The behaviour of TCRT and QRS/T angle values during an exercise test might be partly attributable to the changes in the autonomic nervous system that may affect cardiac repolarization.13 Changes in autonomic regulation during exercise and recovery have been widely studied.1419 It is generally agreed that the initial increase in HR during exercise is characterized by vagal withdrawal; whereas increasing sympathetic activity is responsible for further increase in HR at higher exercise intensity levels. During recovery, the effects are reversed with a rapid restoration of vagal tone after the cessation of exercise accompanied by a more gradual decrease in sympathetic activity. One plausible explanation for the observations of this study is that altered autonomic response to exercise and, particularly, during the recovery phase, is the main reason for the loss of rate-adaptation of depolarization/repolarization patterns, which, thereby, indicates an increased risk for mortality, especially due to fatal cardiac arrhythmia.
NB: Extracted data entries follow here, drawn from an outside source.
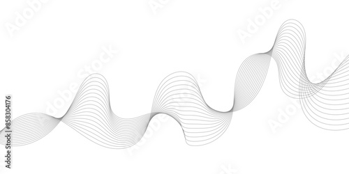 Abstract grey, white smooth element swoosh speed wave modern stream background. Wave with lines created using blend tool. Abstract frequency sound wave lines and twisted curve lines background.
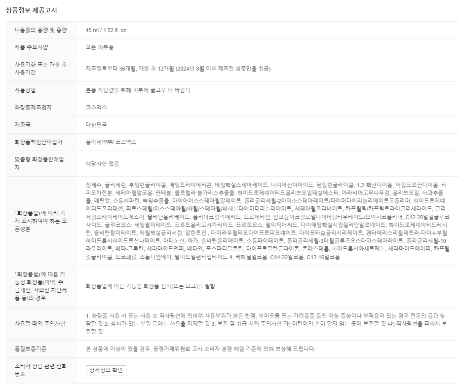 • 「화장품법」에 따라 기재ㆍ표시하여야 하는 모든 성분
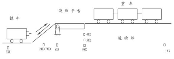 具體描述:由于系統(tǒng)采用自動(dòng)控制,所以鐵牛和重車(chē)的運(yùn)行狀態(tài)和位置需要識(shí)別,回槽限位開(kāi)關(guān)(7XK)、鐵牛的位置開(kāi)關(guān)(8XK)、重車(chē)的到位置開(kāi)關(guān)(9XK),限位開(kāi)關(guān)的功能如下:
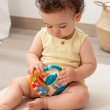 Mărgelele mobile și mânerul se potrivesc perfect în mâna copilului. Glisarea și scuturarea dezvoltă priza, coordonarea și concentrarea.
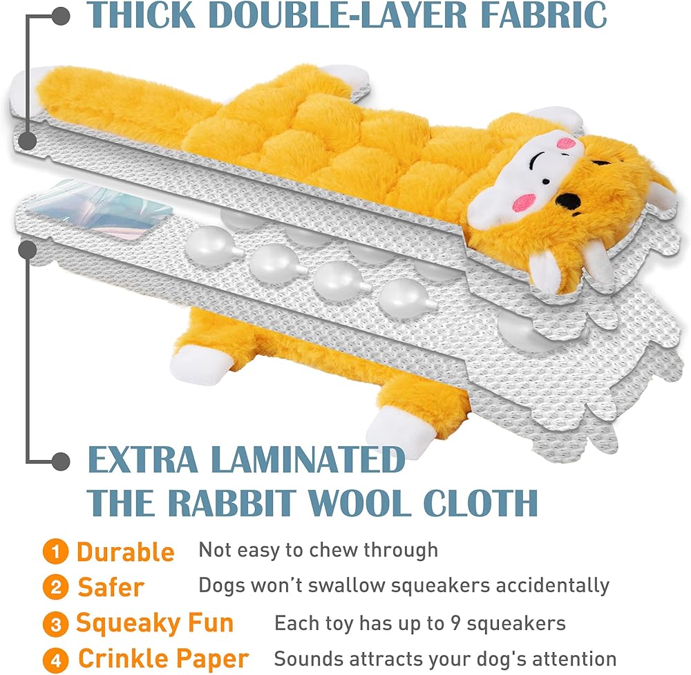 • - 📸 ألعاب تفاعلية منتجة للصوت: كل لعبة كبيرة مجهزة بمولد صوت عالي الجودة في الجسم وورق مجعد في الذيل، مما ينتج أصواتًا تحفز غرائز الصيد لدى كلبك وتجعله يعود للمزيد.

This concept is supported by the observation of previous studies showing that blunted HRR after termination of exercise also indicates an increased risk of mortality.20,21 In the present study, the assessment of depolarization/repolarization patterns during the recovery phase appeared to be an even more powerful prognostic marker of cardiac mortality and sudden cardiac death than the HRR. Changes in depolarization/repolarization patterns may reflect the effects of autonomic nervous system at the ventricular level, where the fatal arrhythmias arise, while HRR after exercise reflects autonomic input at the level of sinus node, perhaps explaining the better prognostic value of TCRT than HRR after termination of exercise in prediction of sudden cardiac death.

Study limitations

A few methodological points deserve comments. First, the number of samples available for the analysis varied between subjects, depending on individual exercise capacity: participants with a lower exercise capacity had fewer sample-points than those with higher exercise capacity and, therefore, greater HR dynamics. However, more samples were acquired from the recovery period (three time-fixed recovery samples) than from exercise period at the corresponding HRs in patients with low exercise capacity. Thus, the correlation coefficients computed during recovery are more reliable due to the extra number of samples compared with those calculated during exercise among these patients.

The reliability of T-wave morphology analysis may sometimes be questionable due to the extensive noise present during the exercise test. However, the effects of noise can be effectively reduced using filtering and median beats. Our previous studies have shown that TCRT is inherently robust, since the phenomenon it describes is large and, thus, less affected by noise.22

The clinical covariates used in the multivariate Cox regression analyses lacked baseline ECG variables such as QT time and QRS-duration which might have provided prognostic information on mortality. Also, the lack of T-wave amplitude measures and visually assessed T-wave abnormalities limit the applicability of the results as low-amplitude, flat, or inverted T waves, seen in patients with chronic CAD or previous MI, carry prognostic information that might overlap with that of the studied parameters.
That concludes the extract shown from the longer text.